Dating of Pseudogenes

To estimate the age of the pseudogenes, we applied a method based on the calculation of the number of substitutions per site accumulated from the ancestor’s functional gene to the present pseudogene (Gomez-Valero et al. 2007). The rationale behind the method is that the number of substitutions per site for a pseudogene is the sum of the substitutions which occurred since the last common ancestor when the gene was still functional, plus those that occurred when the gene was evolving as a pseudogene. Nonsynonymous substitutions would tend to accumulate comparatively faster in pseudogenes than in functional counterparts and this property can be used to infer the age of a pseudogene, given appropriate calibration. Details of the method are given in supplementary information, Supplementary Material online.

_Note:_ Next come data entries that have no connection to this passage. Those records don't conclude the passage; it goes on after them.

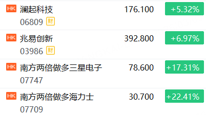 3月5日,港股存储概念盘初走高,南方两倍做多海力士涨超22%,南方两倍做多三星电子涨超17%,兆易创新涨近7%,澜起科技涨超5%。
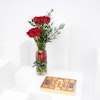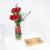 تنسيق يحتوي على زهور الجوري الاحمر وشوكلاته من بستاني من اختيارك
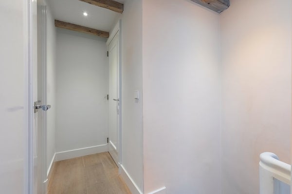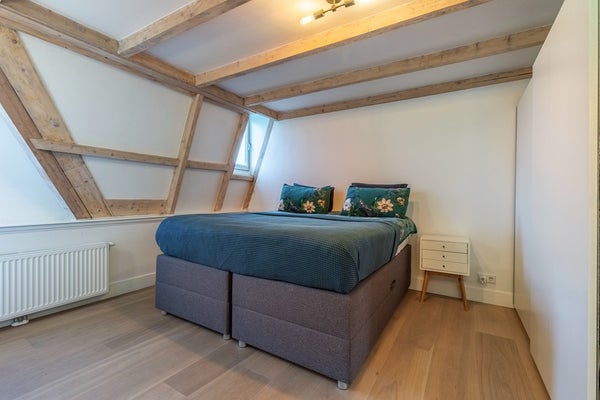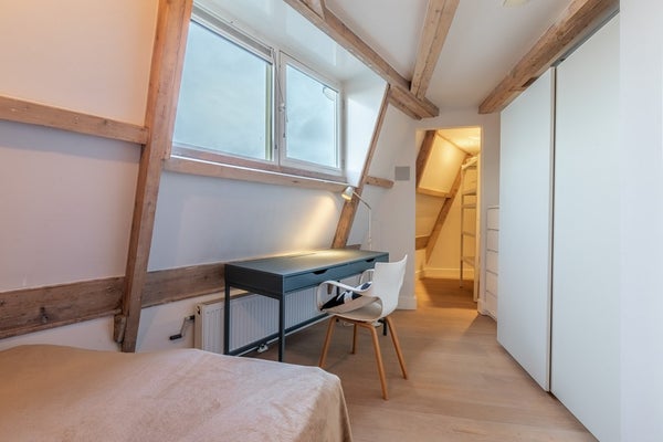 Via een kleine overloop heb je toegang tot twee sfeervolle slaapkamers, beide deels onder de kap met zichtbare houten balken voor een warme uitstraling. Eén slaapkamer is ruim opgezet; de andere beschikt over extra bergruimte.

Detection of Insertions Caused by Direct and Tandem Repeats

Direct repeat insertions in pseudogenes were detected using ad-hoc Python scripts. Upstream and downstream flanking regions surrounding insertion sites, of the exact size of the insertion, were extracted, allowing for 1 nt shift in either direction. The Hamming distance between the flanking strings and the string corresponding to the insertion was calculated. Direct repeats were called when the distance between at least one flanking string and the insertion string was 0 for insertions of sizes 2 or 3 bp, and ≤ 1 for insertions larger than 3 bp. The software Tandem Repeats Finder (Benson 1999) was used to detect tandem repeats in pseudogene sequences and aligned functional homologs with the following parameters: Weights for match, mismatch and indels = 2, 2, 7, respectively; Minimum alignment score = 25; Detection parameters Pm = 0.80 and Pi = 0.10; Maximum TR array size = 500.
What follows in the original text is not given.